= Gerhard Vollmer =

German physicist and philosopher (born 1943)

Gerhard Vollmer (born 17 November 1943) is a German physicist and philosopher. He is perhaps best known for his development of an evolutionary theory of knowledge.

==Life==
Vollmer was born in Speyer. He studied in Munich, Berlin, Hamburg and Freiburg. After finishing his degree in physics in 1968 he studied philosophy and linguistics in Freiburg. He worked as a trainee in Deutschen Elektronen-Synchrotron (DESY) in Hamburg. In Freiburg he attained a doctorate (1971) in theoretical physics. He stayed here after completing a year's stint as a research assistant in Montreal in 1975. In 1974, Vollmer attained an additional doctorate in philosophy.

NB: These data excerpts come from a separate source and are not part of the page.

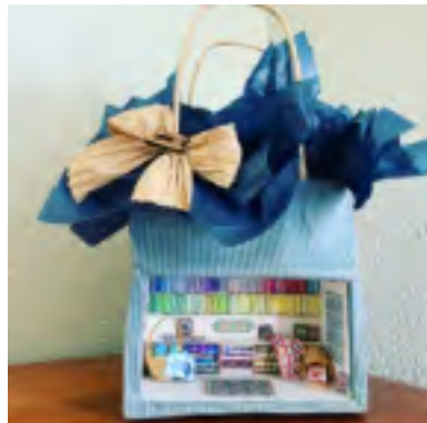
Cindy's fabric store
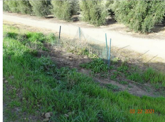
View of the signs of rodent activity. Spring 2021.
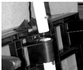
Figure 4 - lower handle assembly.
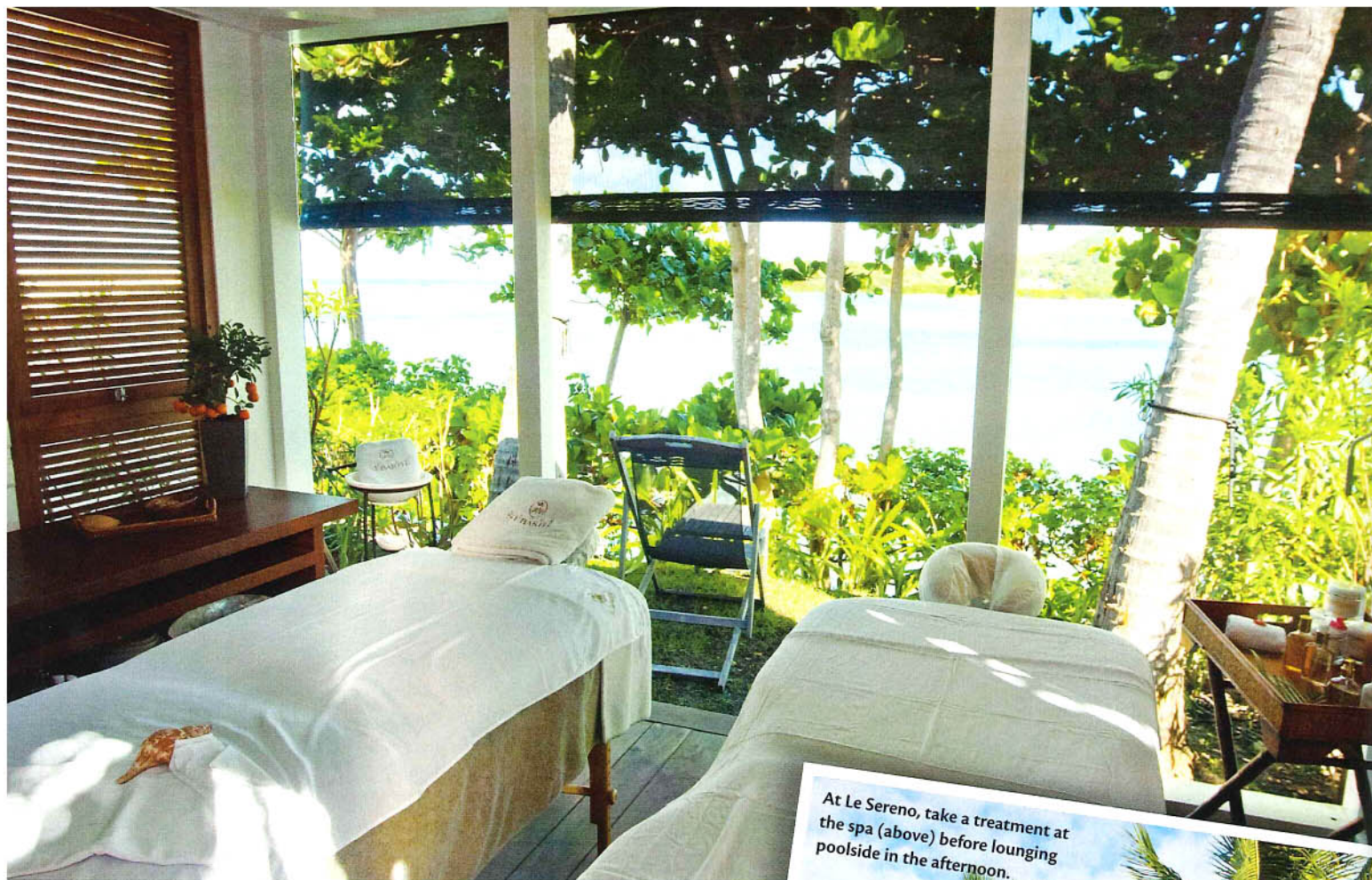
At Le Sereno, take a treatment at the spa (above) before lounging poolside in the afternoon.

“FLOAT THROUGH THE CAPITAL OF GUSTAVIA TO SHOP DONNING A FABULOUS CAFTAN, SANDALS AND YOUR BEST BEACH BLING [COSTUME'S FINE], TAKING IN THE SIGHTS.”
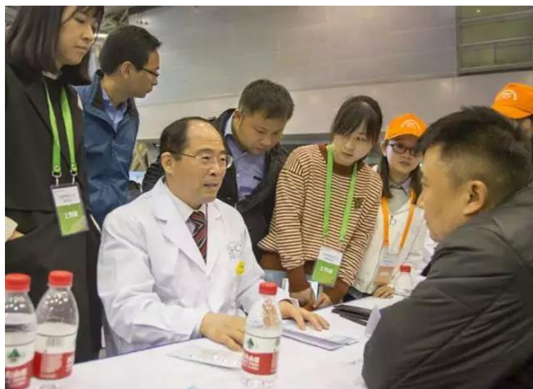
Caption: Scene picture of 1 st Chinese Psoriasis Congress (CPC2017)

From 1975 Vollmer taught at the Leibniz University Hannover. From 1981 he lectured on the Philosophy of Biology at the University of Giessen. From 1991 he has taught philosophy at the TU Braunschweig. He holds lectures and classes in logic, epistemology and philosophy of science, natural philosophy, and artificial intelligence. He has also worked on evolutionary ethics, which he says consists of attempts to add evolutionary points of view to philosophical ethics.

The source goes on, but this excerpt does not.